Differentiability of continuous functions in terms of Haar-smallness

TL;DR

This paper investigates the Haar-smallness properties of the set of somewhere differentiable functions in the space of continuous functions, extending the analysis to measure-theoretic and multidimensional contexts, and poses open questions about Takagi's function.

Contribution

It proves that the set of somewhere differentiable functions is not Haar-countable and explores differentiability on measure-positive sets, almost everywhere, and in higher dimensions.

Findings

The set of somewhere differentiable functions is not Haar-countable.

Differentiability on sets of positive measure and almost everywhere is studied.

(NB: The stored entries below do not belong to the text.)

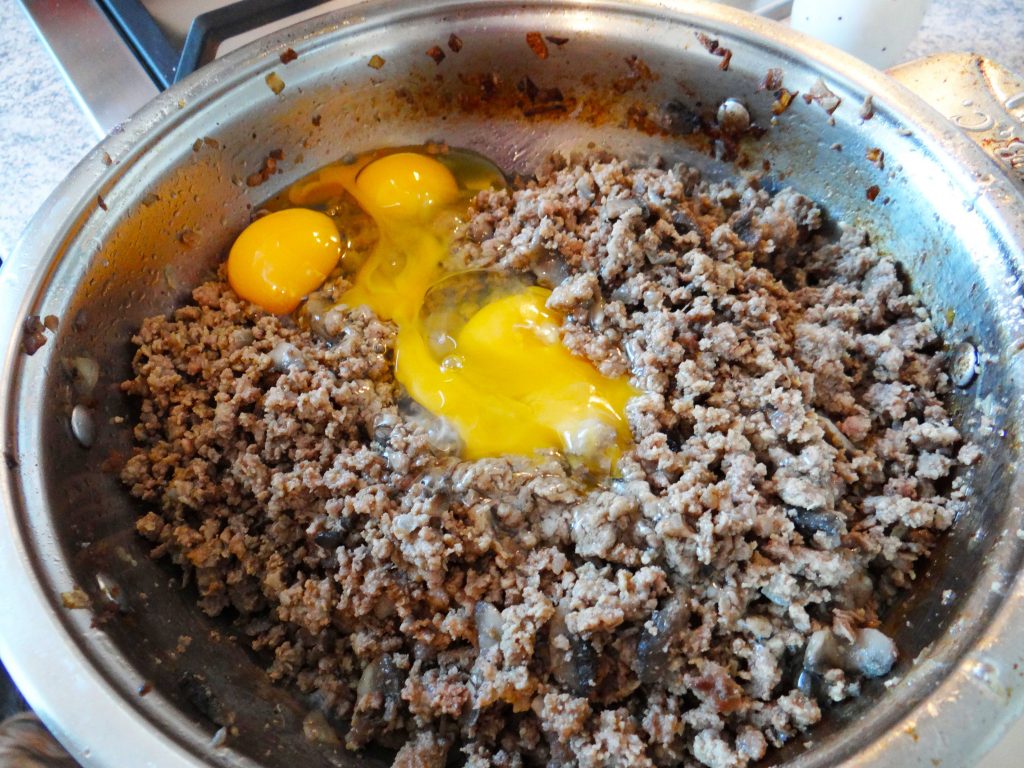 5. Lăsăm carnea să se răcească după care adăugăm cele 4 ouă și apoi amestecam totul bine.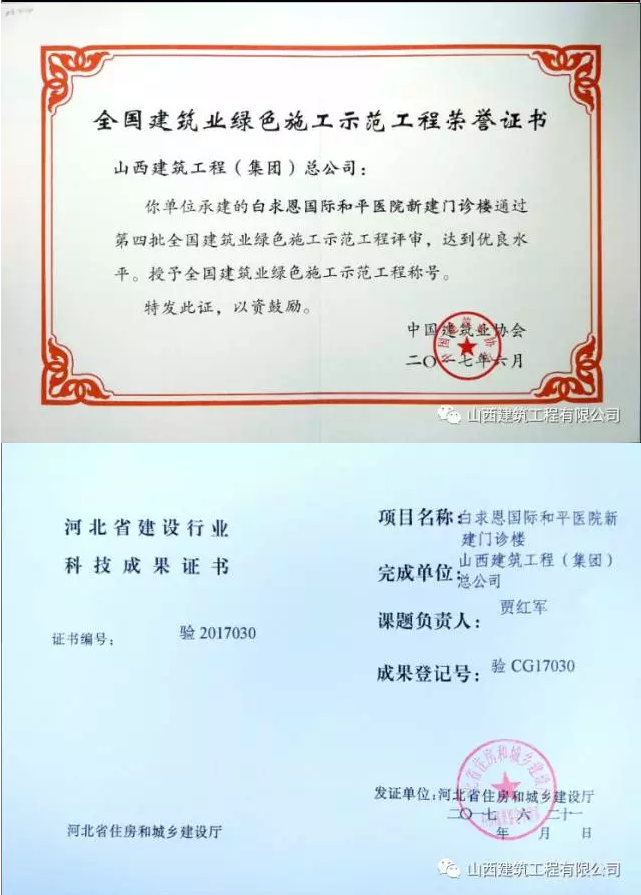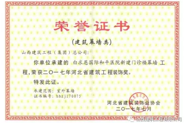 2017年,該項目在品牌創(chuàng)建上還獲得多項大獎。先后獲得“河北省安全文明工地”、“河北省新技術(shù)應(yīng)用示范工程”、“第四批全國建筑業(yè)綠色施工示范工程”、“河北省建筑工程裝飾獎”;通過驗收并公示的獎項有“石家莊市興石杯(市優(yōu))”和“河北省建設(shè)工程安濟杯獎(河北省優(yōu)質(zhì)工程)”;已申報待驗收的獎項還有“山西省汾水杯獎(山西省優(yōu)質(zhì)工程最高獎)”、“山西省‘太行杯’土木建筑工程大獎”。
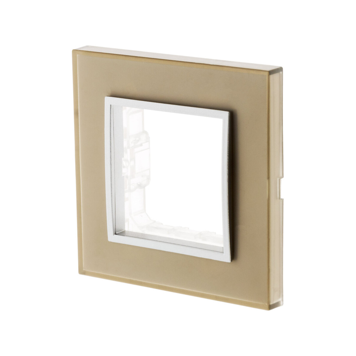 Plaque de finition simple avec son support. Finition: crystal. Couleur: beige. Fixation à vis ou à griffes (fournies). Certifié NF.Spécifications techniques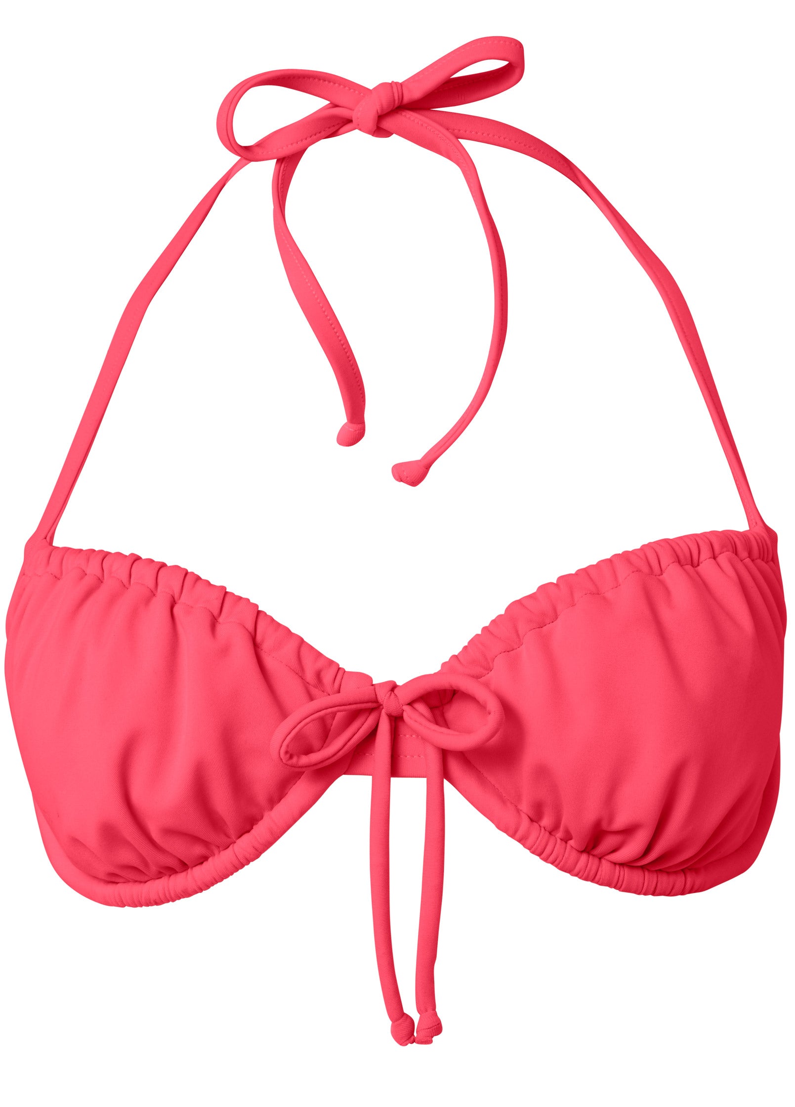 Inspired by classic French bra styling with an underwire for support and a tie detail at the front, this alluring bikini top, with its subtle gathers around the cups, brings a trendy touch to your swim collection. Secure the halter tie behind your neck for hours of day-in-the-sun fun! * Halter tie closure * Demi cups * Underwire support * Adjustable slider strap at back * Tie detail at front * This style is made of recycled fabric. For more information, see MORE DETAILS * Domestic or import of quality recycled nylon/spandex tricot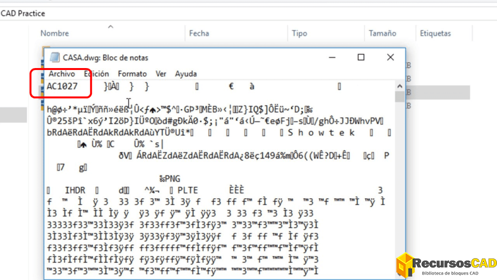 - Abrir el archivo DWG en un Bloc de notas de Windows: También puedes abrir el archivo DWG en el Bloc de notas. Los seis primeros carácteres te mostrarán el código de la versión del archivo DWG.

Multidimensional differentiability and open questions on Takagi's function are addressed.

Abstract

One of the classical results concerning differentiability of continuous functions states that the set $\mathcal{SD}$ of somewhere differentiable functions (i.e., functions which are differentiable at some point) is Haar-null in the space $C[0,1]$. By a recent result of Banakh et al., a set is Haar-null provided that there is a Borel hull $B\supseteq A$ and a continuous map $f\colon \{0,1\}^\mathbb{N}\to C[0,1]$ such that $f^{-1}[B+h]$ is Lebesgue's null for all $h\in C[0,1]$. We prove that $\mathcal{SD}$ is not Haar-countable (i.e., does not satisfy the above property with "Lebesgue's null" replaced by "countable", or, equivalently, for each copy $C$ of $\{0,1\}^\mathbb{N}$ there is an $h\in C[0,1]$ such that $\mathcal{SD}\cap (C+h)$ is uncountable. Moreover, we use the above notions in further studies of differentiability of continuous functions. Namely, we consider functions differentiable on a set of positive Lebesgue's measure and functions differentiable almost everywhere with respect to Lebesgue's measure. Furthermore, we study multidimensional case, i.e., differentiability of continuous functions defined on $[0,1]^k$. Finally, we pose an open question concerning Takagi's function.